An exact copy of the listing is what is needed here; write it out in full.

Data:
——————

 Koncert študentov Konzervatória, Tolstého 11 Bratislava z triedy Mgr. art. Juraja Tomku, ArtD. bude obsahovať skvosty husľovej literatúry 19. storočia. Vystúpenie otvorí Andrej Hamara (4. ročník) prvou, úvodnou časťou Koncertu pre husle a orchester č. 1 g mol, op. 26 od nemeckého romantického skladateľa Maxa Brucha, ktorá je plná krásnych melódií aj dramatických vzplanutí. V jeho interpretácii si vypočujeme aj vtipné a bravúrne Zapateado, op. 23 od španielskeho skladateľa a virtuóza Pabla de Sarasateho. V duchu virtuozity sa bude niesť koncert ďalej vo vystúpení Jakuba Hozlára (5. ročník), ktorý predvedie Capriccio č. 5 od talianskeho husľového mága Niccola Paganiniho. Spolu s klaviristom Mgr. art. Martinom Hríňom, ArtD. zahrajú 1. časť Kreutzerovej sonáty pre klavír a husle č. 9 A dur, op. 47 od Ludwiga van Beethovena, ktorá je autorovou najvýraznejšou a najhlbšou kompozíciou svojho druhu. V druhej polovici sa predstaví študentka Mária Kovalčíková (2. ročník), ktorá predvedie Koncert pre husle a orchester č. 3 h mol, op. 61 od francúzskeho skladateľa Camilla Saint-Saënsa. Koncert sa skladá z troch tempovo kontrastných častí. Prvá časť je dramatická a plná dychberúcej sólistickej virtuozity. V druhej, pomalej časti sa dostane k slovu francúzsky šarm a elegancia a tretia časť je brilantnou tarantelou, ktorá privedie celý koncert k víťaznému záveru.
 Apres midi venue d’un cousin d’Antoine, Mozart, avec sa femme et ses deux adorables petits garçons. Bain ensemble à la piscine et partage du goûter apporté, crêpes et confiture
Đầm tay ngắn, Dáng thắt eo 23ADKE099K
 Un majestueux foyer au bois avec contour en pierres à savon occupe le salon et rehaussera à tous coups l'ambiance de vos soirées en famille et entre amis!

——————

Written answer:
 Koncert študentov Konzervatória, Tolstého 11 Bratislava z triedy Mgr. art. Juraja Tomku, ArtD. bude obsahovať skvosty husľovej literatúry 19. storočia. Vystúpenie otvorí Andrej Hamara (4. ročník) prvou, úvodnou časťou Koncertu pre husle a orchester č. 1 g mol, op. 26 od nemeckého romantického skladateľa Maxa Brucha, ktorá je plná krásnych melódií aj dramatických vzplanutí. V jeho interpretácii si vypočujeme aj vtipné a bravúrne Zapateado, op. 23 od španielskeho skladateľa a virtuóza Pabla de Sarasateho. V duchu virtuozity sa bude niesť koncert ďalej vo vystúpení Jakuba Hozlára (5. ročník), ktorý predvedie Capriccio č. 5 od talianskeho husľového mága Niccola Paganiniho. Spolu s klaviristom Mgr. art. Martinom Hríňom, ArtD. zahrajú 1. časť Kreutzerovej sonáty pre klavír a husle č. 9 A dur, op. 47 od Ludwiga van Beethovena, ktorá je autorovou najvýraznejšou a najhlbšou kompozíciou svojho druhu. V druhej polovici sa predstaví študentka Mária Kovalčíková (2. ročník), ktorá predvedie Koncert pre husle a orchester č. 3 h mol, op. 61 od francúzskeho skladateľa Camilla Saint-Saënsa. Koncert sa skladá z troch tempovo kontrastných častí. Prvá časť je dramatická a plná dychberúcej sólistickej virtuozity. V druhej, pomalej časti sa dostane k slovu francúzsky šarm a elegancia a tretia časť je brilantnou tarantelou, ktorá privedie celý koncert k víťaznému záveru.
 Apres midi venue d’un cousin d’Antoine, Mozart, avec sa femme et ses deux adorables petits garçons. Bain ensemble à la piscine et partage du goûter apporté, crêpes et confiture
Đầm tay ngắn, Dáng thắt eo 23ADKE099K
 Un majestueux foyer au bois avec contour en pierres à savon occupe le salon et rehaussera à tous coups l'ambiance de vos soirées en famille et entre amis!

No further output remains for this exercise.